+++ SOURCE RECORDS +++

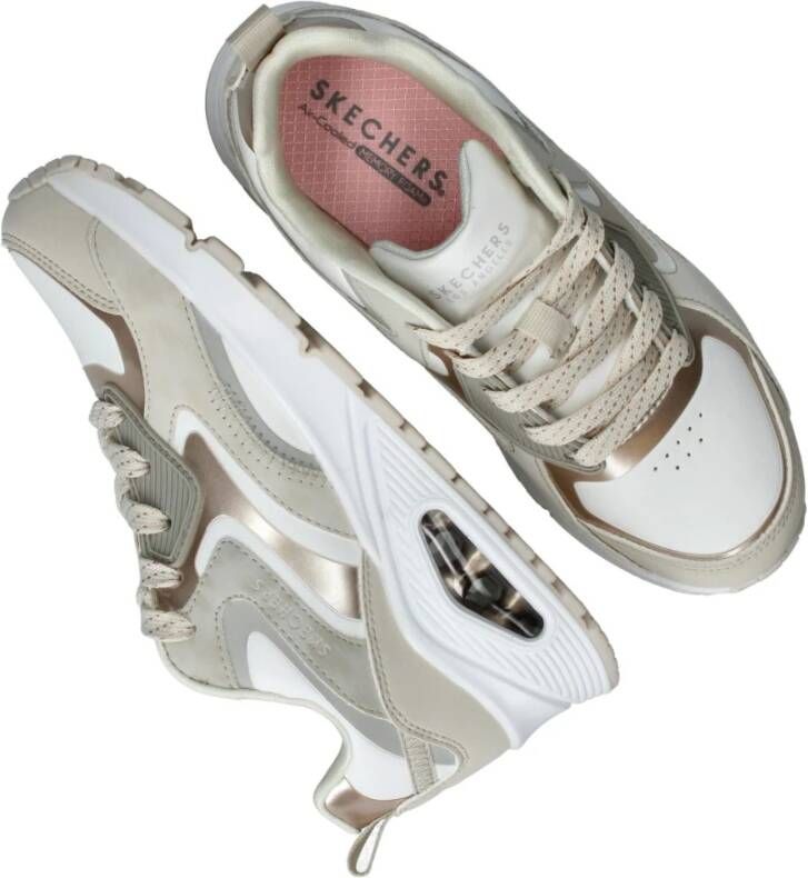 Verhoog je stijl met deze sportieve Skechers Uno Gen 1 Color Surge sneakers voor meiden. De witte sneaker heeft beige accenten en gouden glitter in de veters. Hij is voorzien van een Air-Cooled Memory Foam binnenzool voor ultiem comfort. De verharde hiel zorgt voor extra stabiliteit tijdens het lopen, en de gewatteerde enkel biedt extra ondersteuning. Stap zelfverzekerd de deur uit met deze trendy sneakers
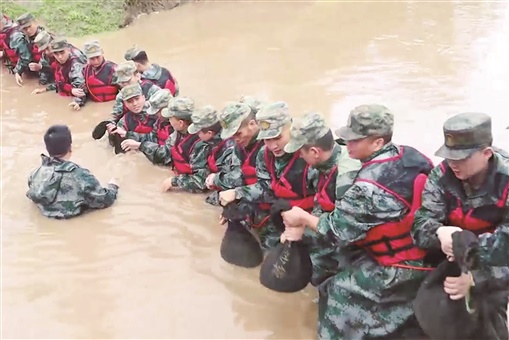 “子弟兵来了!”北京卫戍区某部官兵连续奋战防汛抢险一线,成立“党员突击队”,党员干部冲在最前沿,迷彩绿和鲜红的旗帜,让当地群众倍感亲切。
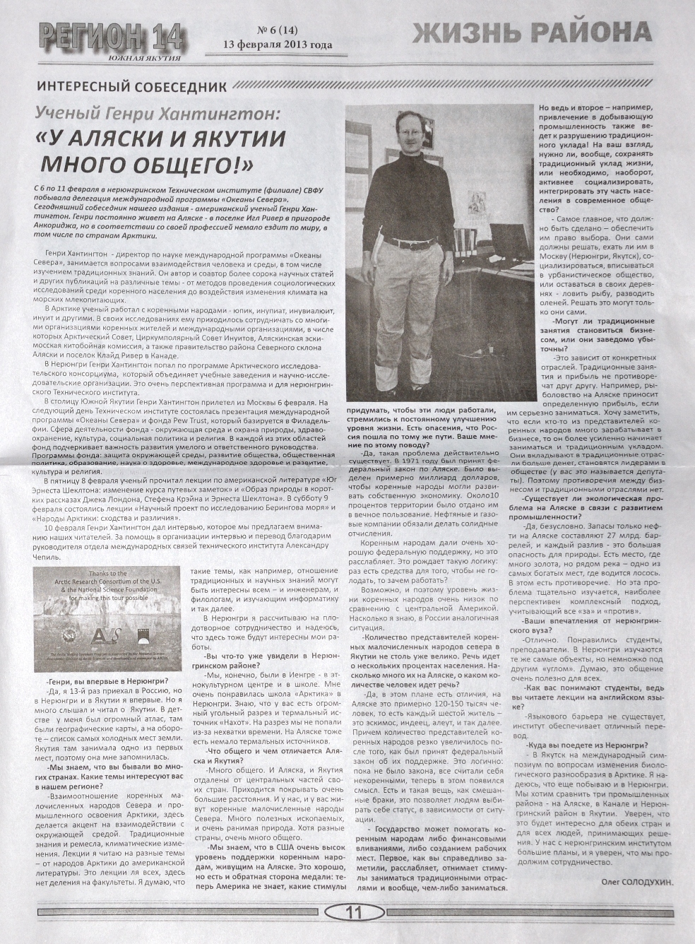 Henry Huntington's visit made it into the local paper in Neryungri, Russia.
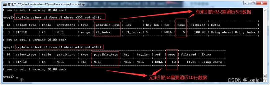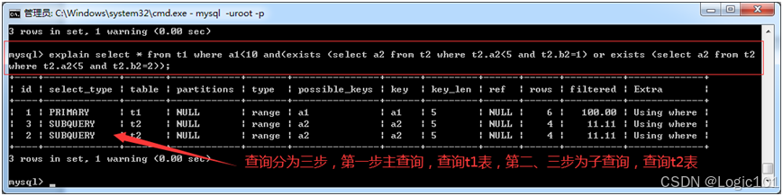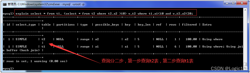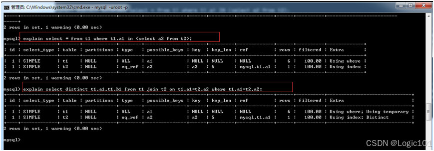 【实验5-11】使用EXPLAIN EXTENDED命令查看如下语句的执行计划:
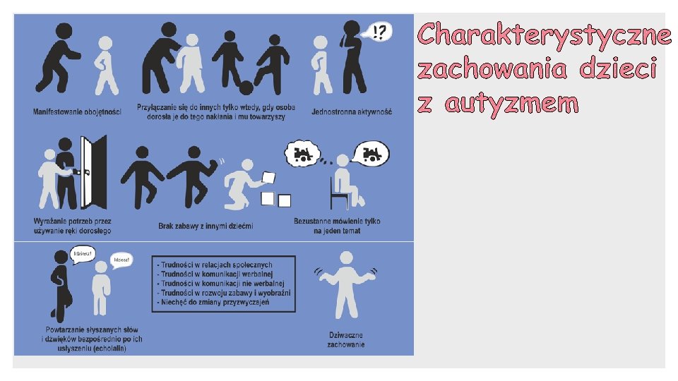 ◦ 1. Defekt społeczny: to brak zdolności do nawiązywania wzajemnych relacji z drugą osobą. Jest on powszechnym symptomem autyzmu. Przejawia się w trzech typach zachowań „zamknięty w sobie, bierny i dziwny”. Do nieprawidłowości w sferze interakcji społecznych zalicza się: brak kontaktu wzrokowego, zaburzoną mimikę twarzy, niedostateczny rozwój związków rówieśniczych, brak odwzajemnienia społeczno emocjonalnego oraz spontanicznej potrzeby dzielenia się z innymi ludźmi własnymi zainteresowaniami ale też radością i smutkiem. ◦ 2. Defekt w komunikacji werbalnej i niewerbalnej: oznacza nieprawidłowy rozwój w zakresie rozumienia i ekspresji językowej, która służy do komunikowania się z innymi ludźmi. Nieprawidłowości w porozumiewaniu się mogą przybrać opóźnienie lub brak mowy werbalnej. Jednocześnie występuje kompensacja za pomocą gestów lub mimiki. Możemy mieć tez do czynienia z brakiem inicjatywy oraz małą wytrwałością w podtrzymywaniu konwersacji a wręcz stereotypowym, powtarzającym się wykorzystywaniem słów lub całych zwrotów oraz brakiem lub upośledzeniem zabawy spontanicznej. Zaburzenie to występuje w różnych stopniach nasilenia, przede wszystkim pojawia się w formie: braku wszelkiej chęci komunikowania się z innymi, echolalii i ciągłego powtarzania, komunikacji ograniczającej się do wyrażania potrzeb, nieadekwatnych do sytuacji wypowiedzi, nieprzestrzegania reguł językowych.
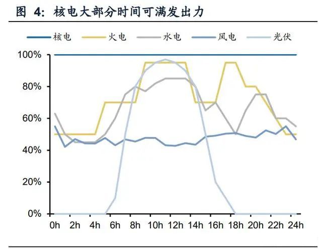 之所以重启并加速核电核准,主要在于以下几方面: 其一,核能发电高效稳定,对比水电、风电、光伏,核电出力稳定,核电不受外界天 气、季节、自然资源等其他环境因素的影响,除检修时间外,全天出力可维持100%, 同时核电位于沿海经济发达省市,电力需求强增速快,更保障了核电的充分消纳。 根据中电联,过去10年内,全国核电平均利用小时数均稳定在7000小时以上,近几 年维持在7600小时以上,远高于其他电源。核电清洁、稳定、高效的特征,可作为 基荷电源保障电力系统稳定安全。
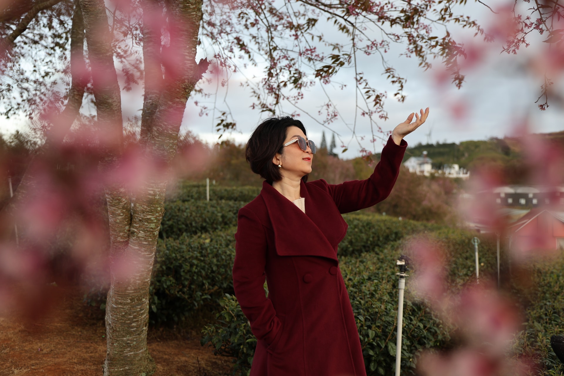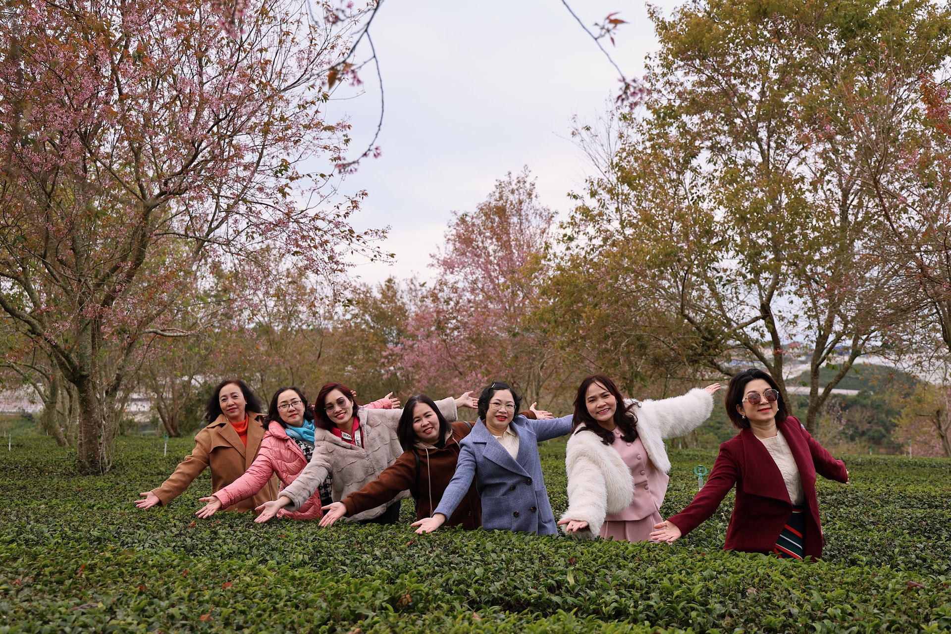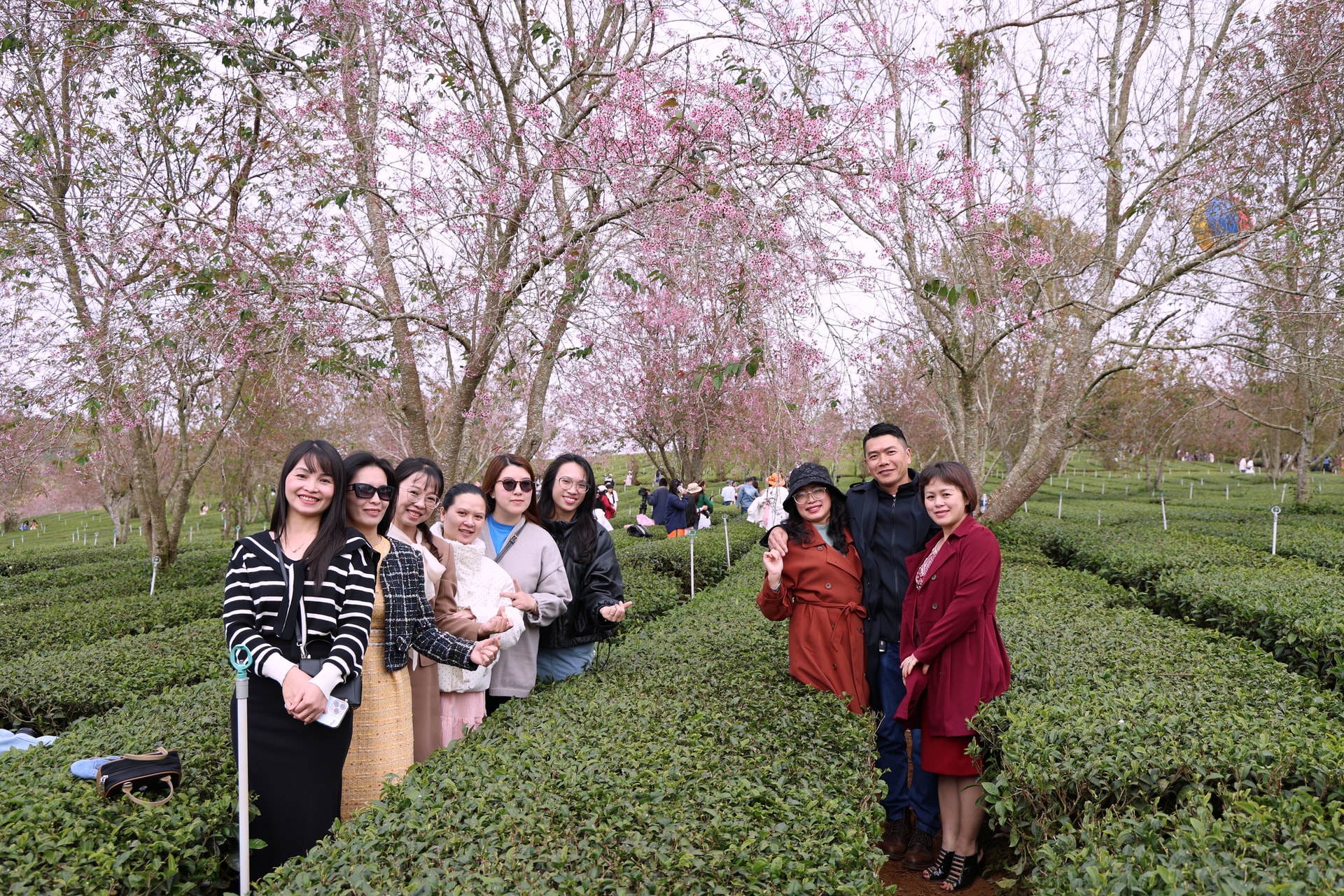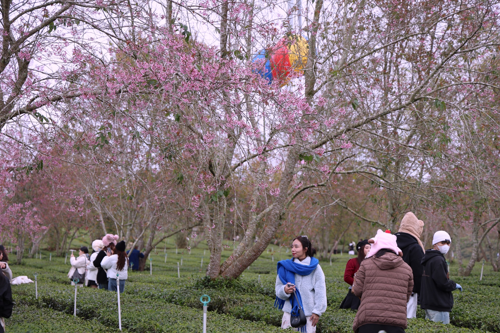 Sắc xanh đồi chè hòa cùng sắc hồng hoa mai anh đào tạo nên không gian trải nghiệm ấn tượng cho nhiều du khách
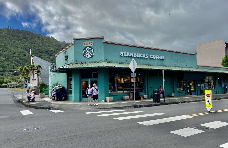 最後は、マノアと言えば有名な緑のスターバックス前での記念写真。その後ワイキキに戻ります。
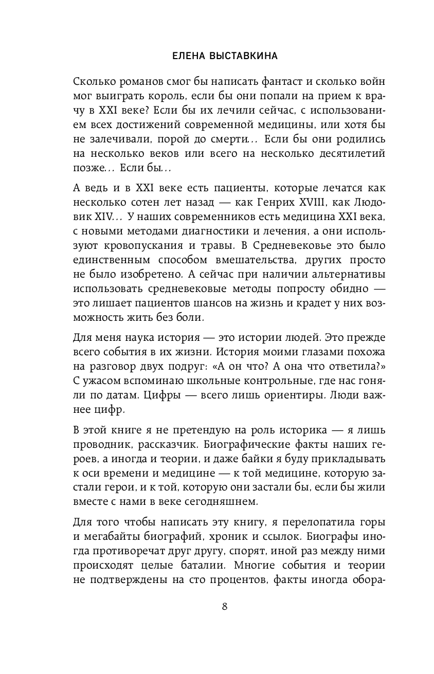 Автор книги – Елена Выставкина – врач с 19-летним опытом и блестящим слогом проанализировала историческую хронику и биографии известных людей, чтобы дать ответы на эти вопросы. Вы поймете, как развивалась медицина и где остаются ее пределы, как болезни формируют судьбы и почему забота о здоровье – это вклад в будущее.
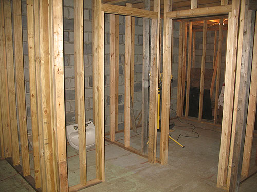 4-24-2020 This is another photo of these new wall studs. To the left is going to be one of the half baths, and to the right is an eight foot by eight foot room that could be used for various things. It could be used for storage, or if someone ever gets the great hall finished to the point that it could be used for weddings, this could be used for the bride to get ready for the wedding.
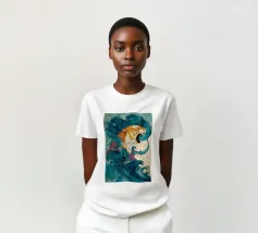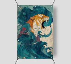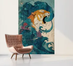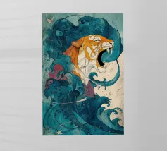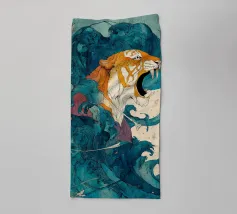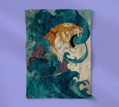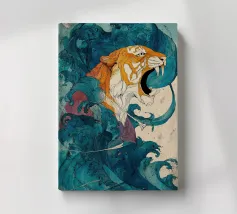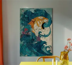 Una fusione dinamica tra la forza di una tigre ruggente e le onde dell'oceano che si infrangono. Quest'opera d'arte è ispirata allo spirito dell'arte giapponese e rappresenta il coraggio, la resistenza e l'energia inarrestabile. Con pennellate dettagliate e contrasti vivaci, è un pezzo forte per gli interni moderni.

+++

* [TO DO] Reproduce only the lines from the line with "Автор книги –" to the end of the entries. Keep both ends, copy them exactly, and omit every picture.

* [ANSWER SECTION]
 Автор книги – Елена Выставкина – врач с 19-летним опытом и блестящим слогом проанализировала историческую хронику и биографии известных людей, чтобы дать ответы на эти вопросы. Вы поймете, как развивалась медицина и где остаются ее пределы, как болезни формируют судьбы и почему забота о здоровье – это вклад в будущее.
 4-24-2020 This is another photo of these new wall studs. To the left is going to be one of the half baths, and to the right is an eight foot by eight foot room that could be used for various things. It could be used for storage, or if someone ever gets the great hall finished to the point that it could be used for weddings, this could be used for the bride to get ready for the wedding.
 Una fusione dinamica tra la forza di una tigre ruggente e le onde dell'oceano che si infrangono. Quest'opera d'arte è ispirata allo spirito dell'arte giapponese e rappresenta il coraggio, la resistenza e l'energia inarrestabile. Con pennellate dettagliate e contrasti vivaci, è un pezzo forte per gli interni moderni.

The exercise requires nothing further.